• Data:
------------------------------
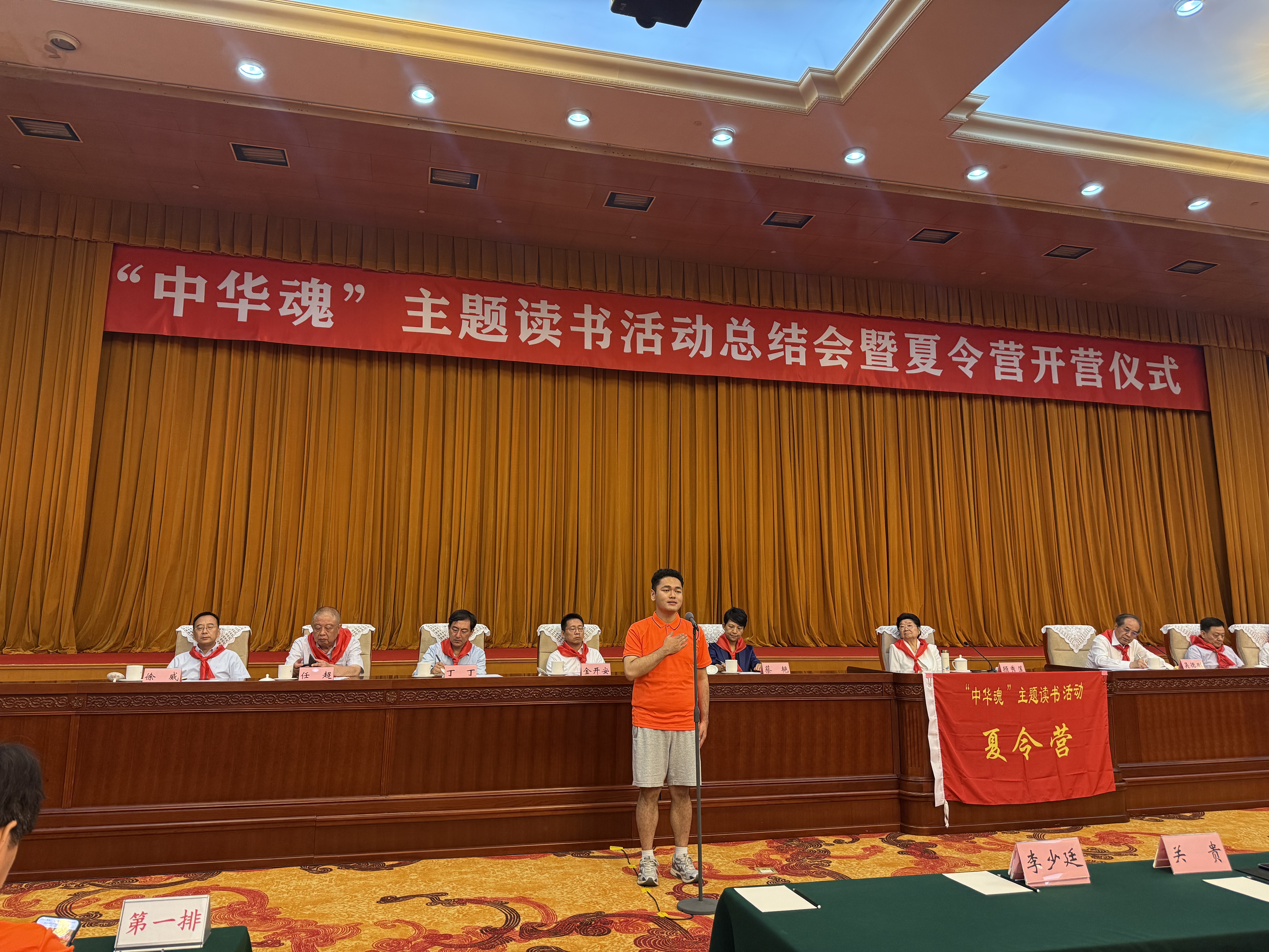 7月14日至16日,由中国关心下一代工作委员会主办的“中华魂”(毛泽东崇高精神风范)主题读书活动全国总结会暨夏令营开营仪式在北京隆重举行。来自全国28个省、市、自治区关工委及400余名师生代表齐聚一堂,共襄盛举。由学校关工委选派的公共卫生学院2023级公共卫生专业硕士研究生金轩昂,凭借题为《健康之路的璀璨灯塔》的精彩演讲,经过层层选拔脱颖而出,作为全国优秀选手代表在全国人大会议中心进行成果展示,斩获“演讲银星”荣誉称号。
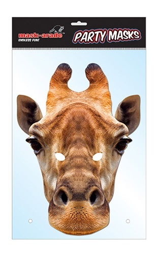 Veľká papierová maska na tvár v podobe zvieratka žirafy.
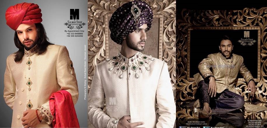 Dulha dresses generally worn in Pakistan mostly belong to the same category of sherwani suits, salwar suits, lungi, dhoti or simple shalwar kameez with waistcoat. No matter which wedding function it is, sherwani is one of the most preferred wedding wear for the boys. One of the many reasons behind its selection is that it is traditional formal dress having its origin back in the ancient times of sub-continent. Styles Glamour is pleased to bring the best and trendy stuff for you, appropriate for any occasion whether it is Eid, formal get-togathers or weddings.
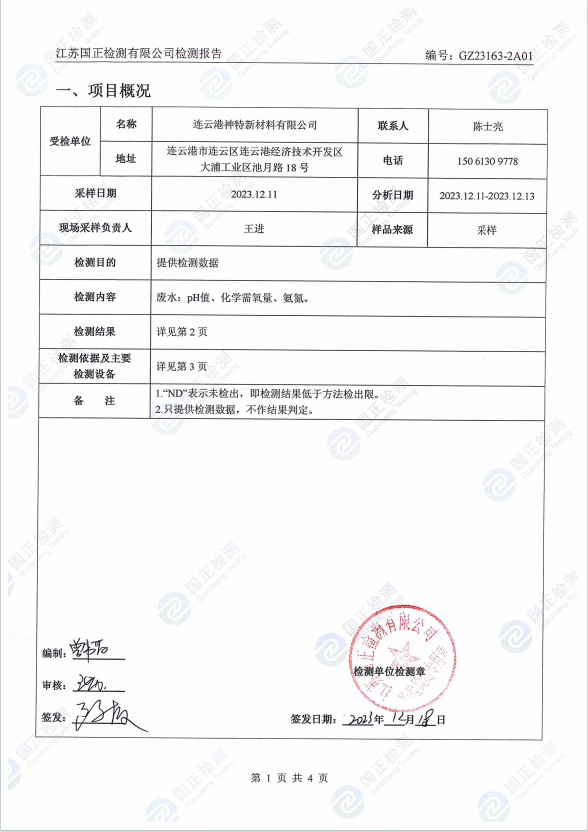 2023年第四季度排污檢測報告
------------------------------
• What the task requires: Keep every word of the material exactly as given. Drop the pictures.

• Exercise result:
 7月14日至16日,由中国关心下一代工作委员会主办的“中华魂”(毛泽东崇高精神风范)主题读书活动全国总结会暨夏令营开营仪式在北京隆重举行。来自全国28个省、市、自治区关工委及400余名师生代表齐聚一堂,共襄盛举。由学校关工委选派的公共卫生学院2023级公共卫生专业硕士研究生金轩昂,凭借题为《健康之路的璀璨灯塔》的精彩演讲,经过层层选拔脱颖而出,作为全国优秀选手代表在全国人大会议中心进行成果展示,斩获“演讲银星”荣誉称号。
 Veľká papierová maska na tvár v podobe zvieratka žirafy.
 Dulha dresses generally worn in Pakistan mostly belong to the same category of sherwani suits, salwar suits, lungi, dhoti or simple shalwar kameez with waistcoat. No matter which wedding function it is, sherwani is one of the most preferred wedding wear for the boys. One of the many reasons behind its selection is that it is traditional formal dress having its origin back in the ancient times of sub-continent. Styles Glamour is pleased to bring the best and trendy stuff for you, appropriate for any occasion whether it is Eid, formal get-togathers or weddings.
 2023年第四季度排污檢測報告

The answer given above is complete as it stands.